Ele então quis saber.

A voz que saía das paredes começou então a lhe dizer, por quase oitenta noites mal dormidas e angustiadas.

"Há um encanto bastante perturbador, com uma reputação de fazer invisível aquele que o invocar e há ainda, um objeto demoníaco, uma vela que faz paralisar aqueles que vêem a sua luz. De fato, ninguém de alma decente jamais ousaria fazer uso de tal feitiçaria".

Ele então quis saber. Os olhos amarelos brilharam de cobiça.

A voz quase sussurrando, então continuava:

"A Mão da Glória é um terrível artefato de magia negra e decerto, como um amuleto demoníaco, nunca é conseguido de maneira fácil. Para se conseguir uma Mão da Glória é necessário decepar a mão de um criminoso que tenha sido enforcado. Mas não basta decepar a mão do primeiro que encontrar. O corpo tem de estar dependurado, não menos do que vinte e quatro horas em um patíbulo, na beira de alguma estrada.

A mão deve ser separada do corpo de um só golpe. Nesse momento também, se pegaria cabelo e gordura do cadáver para produzir a vela que a mão segurará. A mão deve ser drenada de todo o sangue, utilizando-se para isso de um pedaço de tecido de mortalha, mergulhado em uma mistura de sal, salitre, amônia, pimenta, entre outras especiarias e enfurnada por setenta semanas em um recipiente de terracota.

Depois disso, tal amuleto ficaria secando ao sol nos dias mais quentes do ano, ou na falta disso, um forno servirá, onde junto, seria queimado verbena e abeto. A mão seria então moldada como um punho, onde se encaixaria a vela, feita com a gordura humana, cera e óleo de sásamo. O cabelo do enforcado servirá para moldar o pavio. Uma vez dentro da casa onde se planeja o assalto, basta o possuidor pronunciar um mantra demoníaco enquanto se acende a vela e quem estiver adormecido na casa, não poderá despertar.

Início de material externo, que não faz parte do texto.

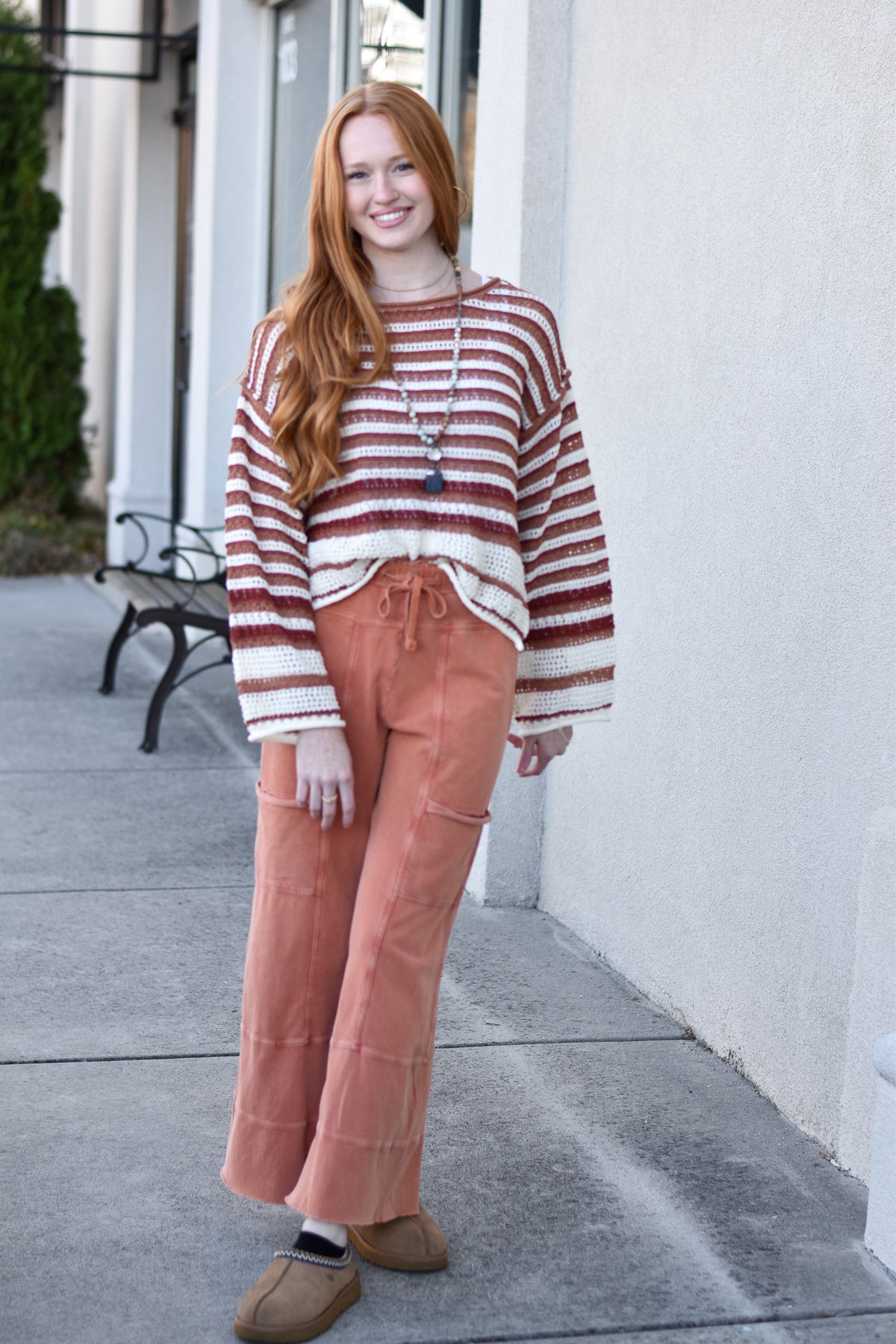 Effortlessly cute and cozy, this striped crochet knit sweater brings laid-back charm to any day. With its airy open-knit texture, boat neckline, and relaxed boxy fit, it’s the perfect throw-on piece for transitioning through the seasons.

Além dessa propriedade maligna, a vela poderá até mesmo ser mergulhada em água e mesmo assim não se apagará. Apenas leite fresco, sangue ou a vontade do seu dono poderá apagar a chama da vela que queimará eternamente, sem se consumir".

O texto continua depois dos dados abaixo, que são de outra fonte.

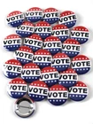 Are you registered to Vote? Vibrant Colors Each button/badge is 1.5 Inch in diameter. (About the size of a milk cap) 25 Buttons in each package High Quality Pinback Buttons Vote Election Activism Pinback Buttons - 1.5 Inch Round - 25 Pack. Perfect for political rallies, elections, conventions, protests, town halls, community outreach, any any other occasion to help motivate people to vote! This is being sold as a pack of 25. So if you order a quantity of 1 you will get 25.

O homem ouviu tudo atentamente e fez anotações minuciosas, escrevendo a sangue frio na própria pele com uma navalha.

Anos depois, disseram que o encontram jogado ao léu, na imundície das ruas. Os braços em carne viva, onde ainda se podia ver caracteres intraduzíveis rasgados na pele, numa profusão de feridas infeccionadas e purulentas. Ouvia-se dele que tinha o poder da invisibilidade. Que podia entrar em qualquer lugar sem ser visto. Que era proprietário do mais demoníaco dos amuletos.

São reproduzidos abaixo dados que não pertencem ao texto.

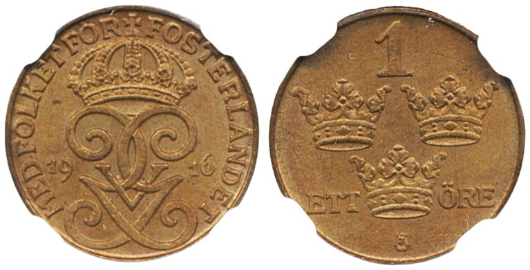 Coins, Sweden. Gustav V, MIS I.8b, 1 öre 1916. Long 6. Graded by NGC as MS64 BN. 01/0. See certification at NGC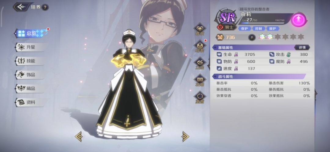 第三梯队选用由莉,由莉通过援护来分担队友受到的伤害,同时还有一定的控制能力,特别是使用女仆队时,还具备出色协战能力,因为有邀战效果,而且只针对女仆团成员。

Porém é certo que ninguém lhe dava ouvidos. Perguntava-se como um homem portador de poder tão assustador vivia ali naquela miséria humana. Se podia entrar em qualquer lugar sem ser visto, por que não entrava no J.P.Morgan Chase, Casa da Moeda, no Gold Bullion Depository em Fort Knox ou no enigmático cofre mórmon na Cordilhera Wasatch e sairia então carregado de ouro e posses valiosas?

Os olhos vazios dele, amarelados pela icterícia escleral, tomavam uma cor escura nas órbitas. Seu semblante se modificava repentinamente, ruborizava a face escaveirada e abria um discreto sorriso, digno do mais sábio dos homens.

Sabia que lhe viriam tais perguntas. Quando tomou posse da Manu Gloriae achava mesmo que lhe viriam imensas fortunas. Poderia conquistar todos os tesouros que assim almejasse. Teria acesso ao mais intransponível dos cofres. Desvendaria todos os segredos guardados a sete chaves.

E assim o fez.

Mas a Manu Gloriae não lhe daria tanto poder a troco de nada. Ao conhecer os segredos humanos, ao penetrar nos mais profundos segredos da Humanidade, aquele homem adoeceu profundamente e quis devolver o poder amaldiçoado da Manu Gloriae e fracassou de forma miserável. Já era muito tarde para o arrependimento.

Depois disso, acuado, como se fosse Lázaro, caiu em abstrusa desgraça.

Qual invisibilidade seria maior do que um homem doente, enlouquecido e de péssima reputação, jogado nas ruas?